The Supreme Court of the United States is set to hear a case involving New York City’s vaccine mandate for municipal workers after it was challenged by an NYPD detective.
As reported by Politico, Detective Anthony Marciano’s legal challenge was initially rejected by Justice Sonia Sotomayor, one of the court’s three left-wing judges. Marciano subsequently resubmitted his request to Justice Clarence Thomas, widely considered the most conservative member of the court, who agreed to take up the case; deliberations will take place on October 7th.
“I reapplied to Justice Thomas, who is a strict Constitutionalist,” said Patricia Finn, an attorney with Make Americans Free Again, the group that is representing Marciano. “I believed his previous opinions were in line with what I was arguing.”

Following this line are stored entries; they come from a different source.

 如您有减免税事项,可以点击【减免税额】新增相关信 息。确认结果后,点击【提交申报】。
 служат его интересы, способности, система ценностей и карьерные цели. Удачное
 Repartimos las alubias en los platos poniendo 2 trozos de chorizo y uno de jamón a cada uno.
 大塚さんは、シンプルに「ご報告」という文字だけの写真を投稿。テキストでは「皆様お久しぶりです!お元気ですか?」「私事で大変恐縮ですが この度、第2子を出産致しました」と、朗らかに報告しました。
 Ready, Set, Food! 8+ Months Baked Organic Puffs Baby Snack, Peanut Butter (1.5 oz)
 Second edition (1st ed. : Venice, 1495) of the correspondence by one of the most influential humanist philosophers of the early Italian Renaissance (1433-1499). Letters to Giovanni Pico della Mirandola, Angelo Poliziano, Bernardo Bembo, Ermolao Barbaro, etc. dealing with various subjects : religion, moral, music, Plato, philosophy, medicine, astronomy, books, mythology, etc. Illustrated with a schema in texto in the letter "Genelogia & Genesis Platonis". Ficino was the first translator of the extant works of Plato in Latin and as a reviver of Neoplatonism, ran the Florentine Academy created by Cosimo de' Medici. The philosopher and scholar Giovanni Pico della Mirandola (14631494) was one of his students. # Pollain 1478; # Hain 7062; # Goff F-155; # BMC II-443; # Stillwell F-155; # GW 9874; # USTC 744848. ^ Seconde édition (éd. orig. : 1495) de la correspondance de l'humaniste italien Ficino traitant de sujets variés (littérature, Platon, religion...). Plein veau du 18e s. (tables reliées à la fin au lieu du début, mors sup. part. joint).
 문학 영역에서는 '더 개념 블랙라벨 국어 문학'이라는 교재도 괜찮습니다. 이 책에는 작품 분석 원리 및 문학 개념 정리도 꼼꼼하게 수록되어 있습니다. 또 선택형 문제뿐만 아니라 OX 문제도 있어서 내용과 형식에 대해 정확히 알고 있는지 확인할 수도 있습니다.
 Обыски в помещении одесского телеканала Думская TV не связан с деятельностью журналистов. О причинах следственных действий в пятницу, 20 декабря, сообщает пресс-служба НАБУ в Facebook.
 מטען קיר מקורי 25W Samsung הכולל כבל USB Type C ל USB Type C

Detective Marciano had previously sued the city of New York last year in response to the policy dictating that all municipal workers must receive the COVID-19 vaccine. Marciano, whose applications for religious and medical exemptions were rejected, claimed that he had gained natural immunity through previous exposure to the disease as a result of his frontline work, and thus should not be forced to take the vaccine.
Marciano’s request for a stay that would halt the vaccine mandate until his case’s completion was rejected by the Second Circuit Court of Appeals, which sent the detective and his legal team to the Supreme Court instead.

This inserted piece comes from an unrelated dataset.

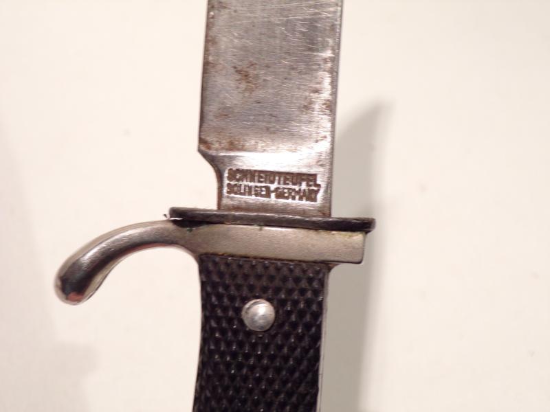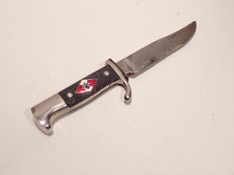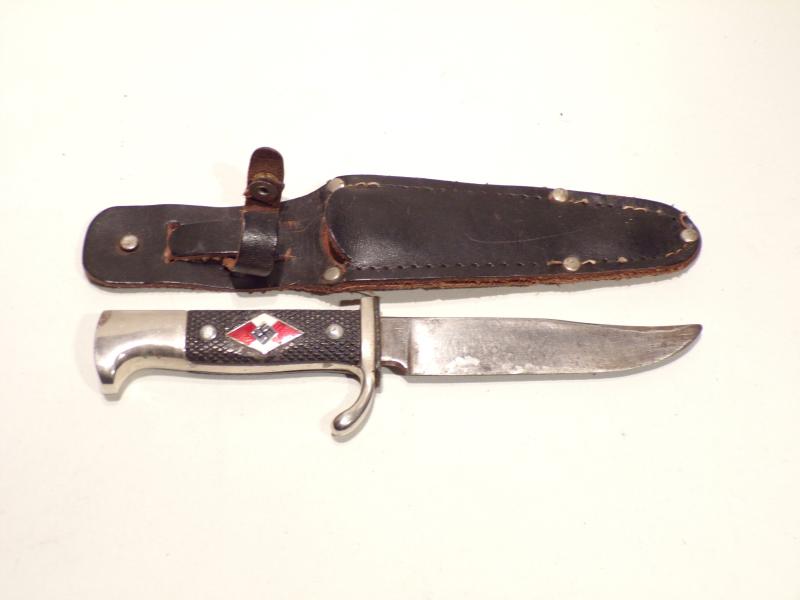 A post war German Youth Scout Knife with later added but original Hitler youth rune. A lovely little knife bearing the makers mark for Schneidteufel Solingen Germany. It is overall good condition and comes in its original leather sheath and measures 8.25 inches long. Sheath has damaged restrainer strap.

“I think the court has been waiting for a case like mine,” Finn continued. “I think they are waiting for somebody to approach the issue in a very clean and straightforward way.”
The outcome of the case could have major implications for the COVID policies of Mayor Eric Adams (D-N.Y.), who was first elected in 2021. Adams has since rescinded vaccine mandates he had previously imposed on private sector employees and students involved in after-school activities, but has refused to repeal the mandate for city workers.